OK, this is how this works, folks: I'm gonna
start the review by saying how absolutely, absurdly violent "Manhunt"
is and you're all gonna go, "Damn, I gotta see what's so violent
about this game," and then you'll run out to the store to buy it.
This holds even more true if you're a hormonally imbalanced teenager looking
to play some 'M' rated titles even though Mom says you're not supposed
to. Go play with some actual titties, son, and I ain't talking about squeezing
the boobs of your 250lb. friend Kevin after the football practice. This
game is really not for you, and even though you might think it is and
eventually play it, it just isnt. It's gonna occur to you in ten
years time, when you're strangling a cat in your momma's basement and
whistling Dixie, that I might have been right about Manhunt after all.
I've been playing this game for about a week now and I still can't figure out if there was any other reason for Rock Star North to be so graphic in depicting the world of Manhunt other than to stir up some serious controversy amongst the religious nuts and Puritans with their excessive use of any number of phrases that have to do with limp dicks, over-the-top usage of the word fuck in all possible tenses and forms, symbols resembling swastikas, trailer trash skin heads, "militant brothers from the hood" and of course lots of head chopping, spine breaking, limb severing, slaughtering, mutilation Help me, I'm running out of ideas for violent killings here. (Heres some vivisection, disembowelment, rotting corpses, adorned with artery-spurting blood spray strewn about the walls, forcibly castrated, with the knife wounds used for sexual pleasure. - Six)
But please don't get me wrong. I don't oppose video game violence; I just like to see it put in some kind of context. Violence that serves no other particular purpose than to simply create that shock-jock effect is not really something I find terribly appealing.
Even so, Manhunt is no Postal. And What I mean to say is that it's not a bad game. Actually, you can't really expect a game from Rock Star to be altogether bad, can you?
To its advantage, Manhunt - however gory and violent it may be - does have a certain unique sinisterly cool way about it, a moody manner, which just shows that Rock Star managed to successfully convey whatever effect they were looking to communicate to the player.
If anything, this game doesn't make any compromises. You're thrown into the action as an inmate on Death Row who cheats the chair by becoming part of an elaborate reality show where your only goal is to get through the course alive to win back your already forfeited life. The way that you're introduced to the game world is sharp, gritty and brutal - just like the gameplay. The dialogue and the overall philosophy of the designers was to put all the segments of this game in the service of making you feel like you've stepped in some warped version of a maximum security prison and you're chatting with a group of convicted rapists in the shower.

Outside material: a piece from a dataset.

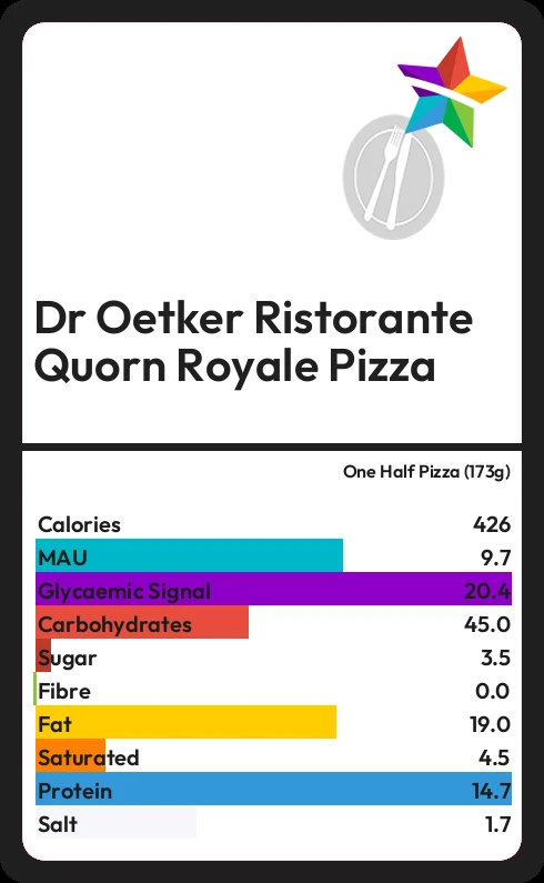 Dr Oetker Ristorante Quorn Royale Pizza contains 427.3 calories in one Half Pizza (173g).

The actual mechanics of the gameplay work in such a way that this is very much a stealth-based action game. Stealth is the key here, much as it is in Splinter Cell. I don't want to take this comparison too far, but just like in SC, the gloomy appearance of the game world, littered with shadows and strategically placed light sources, is actually a completely functional piece of the gameplay. What Rock Star did very right was manage to balance the gameplay in such a way that getting through the level by slugging it out with the bad guys is an exercise in futility. You will simply have to use stealth because if the thugs gang up on you, you stand absolutely no chance of surviving.

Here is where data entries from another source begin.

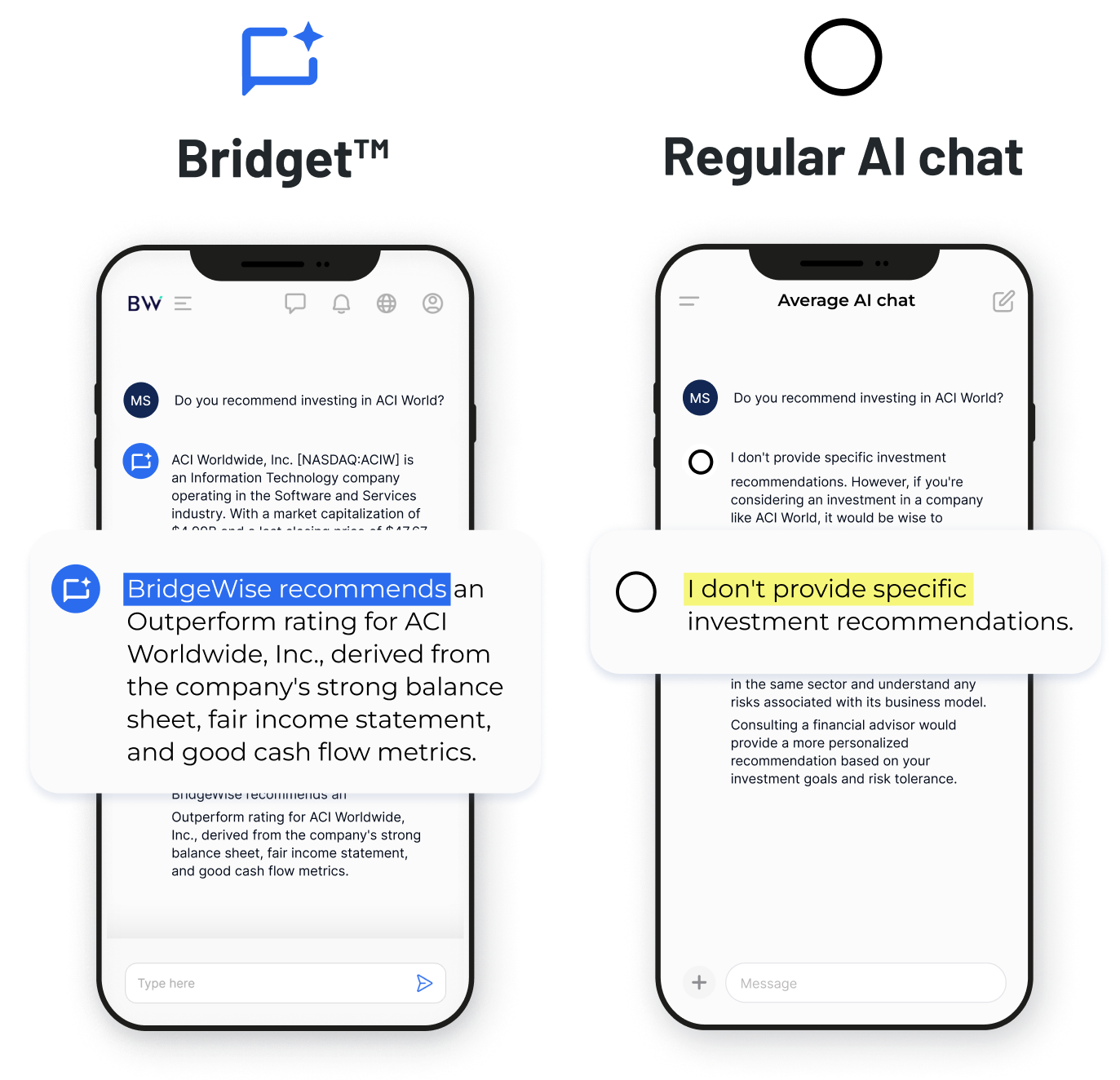 AI chats often invent or “hallucinate” information. Bridget™ was built to overcome this challenge, ensuring investors can trust the investment advice provided.
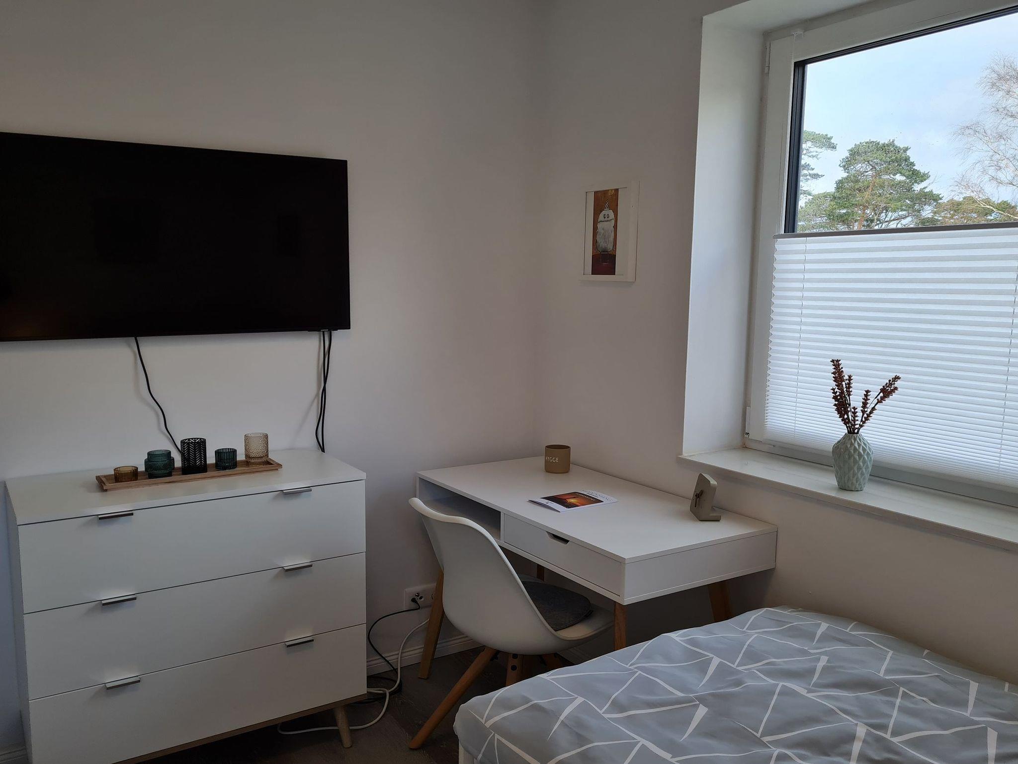 Ein Schlafzimmer mit Zugang zu einem kleinen Balkon ist mit einem gemütlichem Doppelbett(180x200m) und genügend Stauram eingerichtet . Im anderesn Schlafzimmer finden Sie zwei Einzelbetten und einen Flachbild TV.
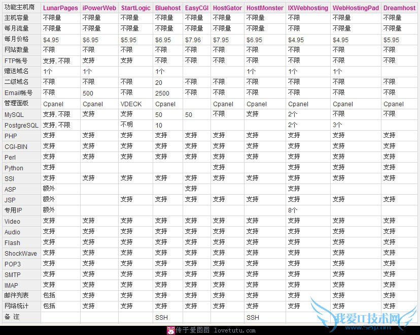 十大国外虚拟主机总体对比,点击看大图
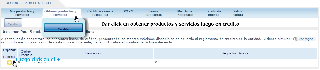 En la pestaña de Aportes usted podrá consultar sus productos de credito en la columna:
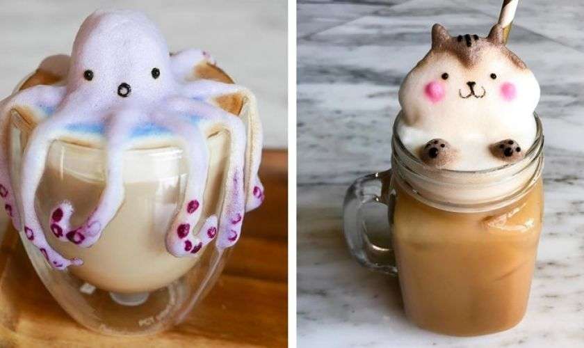 17-летняя Дафна Тан – художница-самоучка из Сингапура. Но на ее скульптуры могут полюбоваться лишь любители свежего кофе с молоком. Дана создает свои творения из молочной пенки. Для своего творчества она создает специальную пенку с использованием соевого молока, добавляя в нее воду и порошок рожкового дерева. На каждую фигурку у нее уходит около 20 минут. Для раскрашивания она использует пищевые красители и тертый шоколад. Такую красоту даже пить жалко!
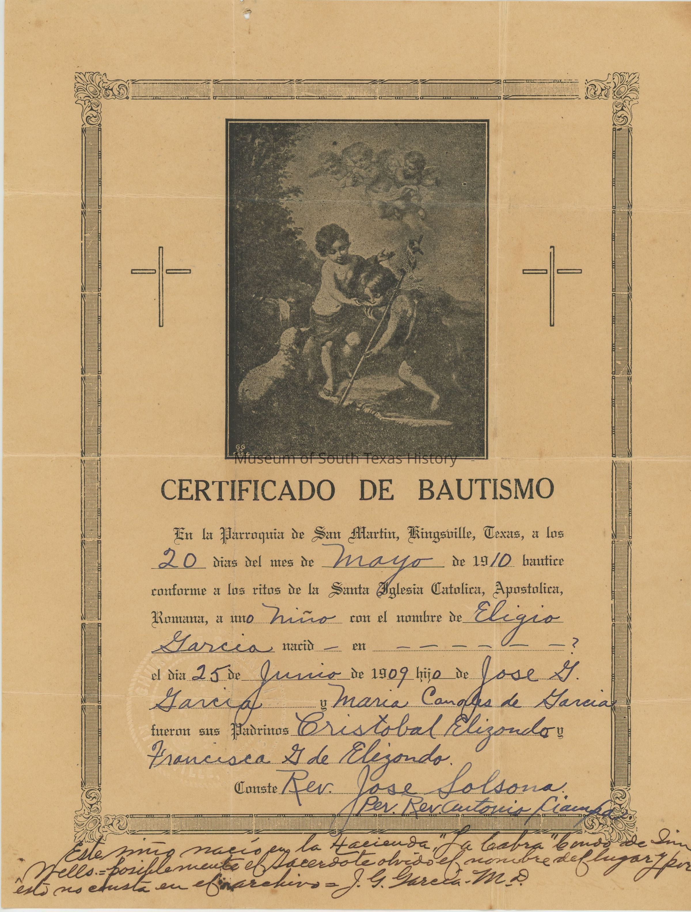 Baptism certificate for Eligio Garcia

And seeing how you ARE in a reality show after all, and ratings are God, you will have to use stealth if you are to perform executions, which are really the crux of the matter in this game. Executions get the fat slobs sitting at home and watching the show stiff as a board, and you have to keep the audience entertained. In essence if you stand behind a guy long enough while holding down the action button, the crosshair will go from gray to green and then red. Red basically means that the execution will be as gruesome and graphic as they get. VADAR particularly enjoyed the one where you use a machete to chop a guy's head off. Only, you can't do it in just one swing, so you really have to work on it a bit. And every time the machete hits the neck, you hear the sounds of skin ripping and bones crunching while the head is slowly severed from the body in extreme close-up. And when I say "enjoyed" I mean more like he had nightmares about it I think (I, for one, had a hard-on the size of Texas -Smap).
Besides machetes, our death row inmate Cash will get to use stuff like glass shards, wires, plastic bags, crowbars and many other execution handy weapons. Naturally, he'll also have plenty of firearms at his disposal, as the arsenal will of course expand as you progress from one "scene" to the next.
After you've spent some time with the game, you'll come to realize that inventive ways to kill a man, along with plenty of wall bashing with various objects to attract the thugs' attention is what Manhunt mostly comes down to (save for a few nice breaks involving intense gunfights). Hey, you can also throw severed heads of the guys you iced along the way to attract the attention of the enemy AI, but that's just a small sample of the weird grisliness that Manhunt has in abundance. This game is really all about violence; juicy, crunchy, blood-spilling action is what really draws your attention to this game.